Office 365/Microsoft 365 users can now import data from a PDF to Excel using Power Query*.
It’s super handy for importing data tables inside PDF documents because Excel locates them for you ready to import. And if the data is a little messy you can use the Power Query transform tools to clean it before loading it into the Excel file.
*Only available to Office/Microsoft 365 subscribers, find out how to get the latest updates.
Tip: If you don’t have Office/Microsoft 365 then this same functionality is available in Power BI Desktop.
Watch the Video
Enter your email address below to download the sample workbook.
Import Data from a PDF to Excel Steps
Step 1: Get Data from PDF - It’s as easy as going to the Data tab of the ribbon > Get Data > From File > From PDF:
Step 2: Locate the PDF File you want to import to Excel - Browse to the location the PDF is saved > click Import:
Step 3: Select Tables and Pages in PDF - The Power Query Navigator window opens with a list of pages and tables Excel has identified in the PDF. You can select a table or page to preview in the pane on the right, as shown below with the table on page 7 displayed:
Step 4: Import Data from PDF or Clean - From here you can click the ‘Load’ button to import data directly to the Excel worksheet or to the Data Model. However, you’re most likely to want to do some more cleaning of the data first, in which case click the ‘Transform Data’ button to open the Power Query Editor:
Notice Power Query has correctly identified the column labels and placed them in the header row. If it doesn’t do this automatically, click on the drop down in the top left of the table > Use First Row as Headers:
Not all tables will import as easily. For example, Table2 in this PDF has column headers split over multiple rows. Watch the video to see how to fix them so they’re in a single row and can form the column labels.
When you’re done with tidying up the data, give the query a name in the Properties pane, then go to the Home tab > Close & Load to finalise importing data from the PDF to Excel.
Import Multiple Tables/Pages from PDF
If you have tables that run over multiple pages, for example credit card or bank statements, Power Query will automatically combine then into a single table.

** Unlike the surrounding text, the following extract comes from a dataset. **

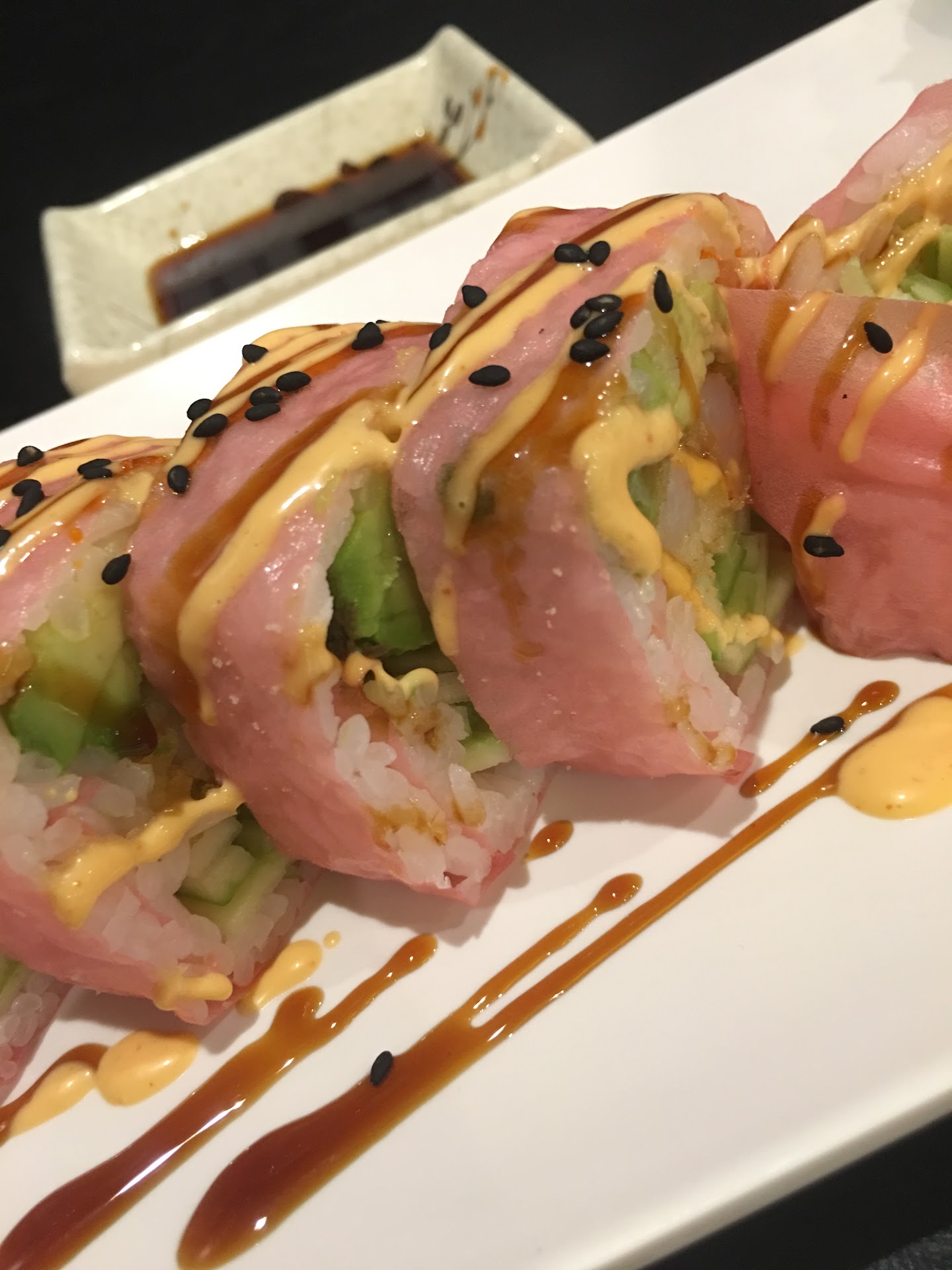 I went ahead and got the all you can eat special from their dinner menu, which is $22.99 opposed to the $17.99 lunch menu. I felt the price difference was worth it. I ordered one "Torched Dragon"(Cooked), one "Downers Grove"(Raw), one piece of super white tuna(Raw), one piece of the regular tuna(Raw), and one piece of Mackerel(Cooked).

You can also import consecutive pages with the StartPage and EndPage optional parameters like so:
= Pdf.Tables(File.Contents("C:\Sample.pdf"), [StartPage=3, EndPage=5])
More on the Pdf.Tables function here.
Import Multiple PDFs From Folder
If you have multiple PDFs containing data or tables with the same structure, you can use the Power Query Get Data From Folder connector to get them and import the data into a single table.